Collection entries:
· · ·

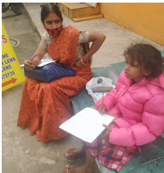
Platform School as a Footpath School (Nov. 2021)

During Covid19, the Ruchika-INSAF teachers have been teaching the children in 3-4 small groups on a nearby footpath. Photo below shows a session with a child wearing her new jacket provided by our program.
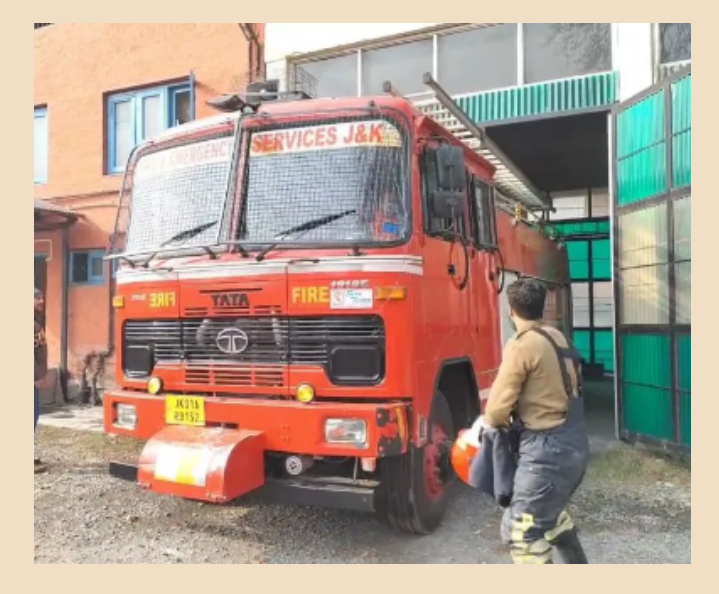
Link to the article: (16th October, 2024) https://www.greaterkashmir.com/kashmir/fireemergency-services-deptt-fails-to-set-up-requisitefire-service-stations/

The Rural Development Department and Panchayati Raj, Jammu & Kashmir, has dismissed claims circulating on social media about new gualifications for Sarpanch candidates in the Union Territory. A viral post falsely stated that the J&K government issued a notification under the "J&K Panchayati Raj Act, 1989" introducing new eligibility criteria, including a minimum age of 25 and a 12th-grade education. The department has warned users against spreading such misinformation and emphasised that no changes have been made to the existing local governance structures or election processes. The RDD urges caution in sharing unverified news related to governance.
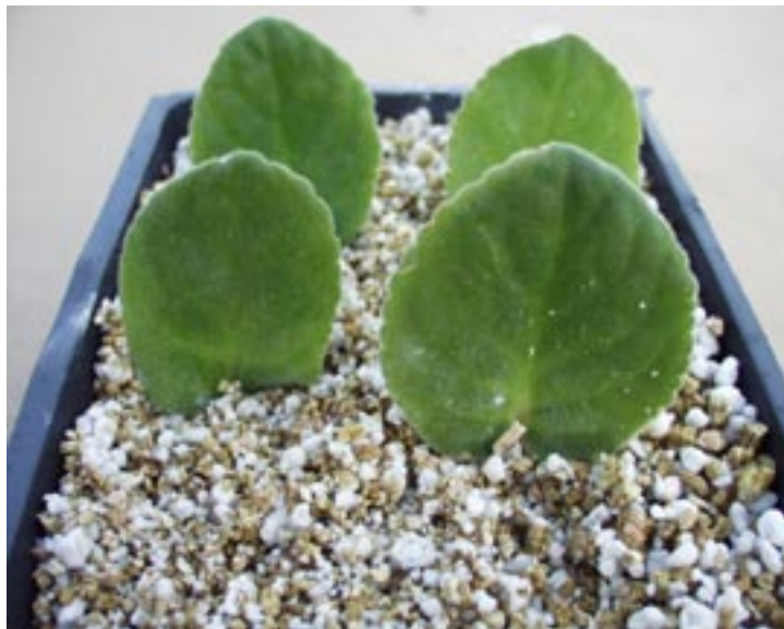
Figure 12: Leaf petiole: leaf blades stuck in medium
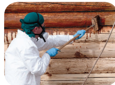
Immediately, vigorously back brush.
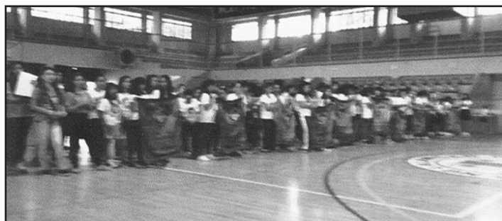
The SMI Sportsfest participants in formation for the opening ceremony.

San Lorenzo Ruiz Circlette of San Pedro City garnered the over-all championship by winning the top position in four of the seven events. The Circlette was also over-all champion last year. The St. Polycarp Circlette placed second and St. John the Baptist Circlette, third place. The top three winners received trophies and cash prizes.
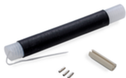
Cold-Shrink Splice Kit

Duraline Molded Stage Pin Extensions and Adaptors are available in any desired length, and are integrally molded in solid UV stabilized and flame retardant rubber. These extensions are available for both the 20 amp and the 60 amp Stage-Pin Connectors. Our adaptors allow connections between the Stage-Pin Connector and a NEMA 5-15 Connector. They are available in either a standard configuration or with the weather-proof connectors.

· · ·

— PROBLEM DESCRIPTION —
Pick up at the line containing "During Covid19, the" and copy each line exactly until the data ends, including that last line; copy no pictures.

— WRITTEN SOLUTION —
During Covid19, the Ruchika-INSAF teachers have been teaching the children in 3-4 small groups on a nearby footpath. Photo below shows a session with a child wearing her new jacket provided by our program.
Link to the article: (16th October, 2024) https://www.greaterkashmir.com/kashmir/fireemergency-services-deptt-fails-to-set-up-requisitefire-service-stations/

The Rural Development Department and Panchayati Raj, Jammu & Kashmir, has dismissed claims circulating on social media about new gualifications for Sarpanch candidates in the Union Territory. A viral post falsely stated that the J&K government issued a notification under the "J&K Panchayati Raj Act, 1989" introducing new eligibility criteria, including a minimum age of 25 and a 12th-grade education. The department has warned users against spreading such misinformation and emphasised that no changes have been made to the existing local governance structures or election processes. The RDD urges caution in sharing unverified news related to governance.
Figure 12: Leaf petiole: leaf blades stuck in medium
Immediately, vigorously back brush.
The SMI Sportsfest participants in formation for the opening ceremony.

San Lorenzo Ruiz Circlette of San Pedro City garnered the over-all championship by winning the top position in four of the seven events. The Circlette was also over-all champion last year. The St. Polycarp Circlette placed second and St. John the Baptist Circlette, third place. The top three winners received trophies and cash prizes.
Cold-Shrink Splice Kit

Duraline Molded Stage Pin Extensions and Adaptors are available in any desired length, and are integrally molded in solid UV stabilized and flame retardant rubber. These extensions are available for both the 20 amp and the 60 amp Stage-Pin Connectors. Our adaptors allow connections between the Stage-Pin Connector and a NEMA 5-15 Connector. They are available in either a standard configuration or with the weather-proof connectors.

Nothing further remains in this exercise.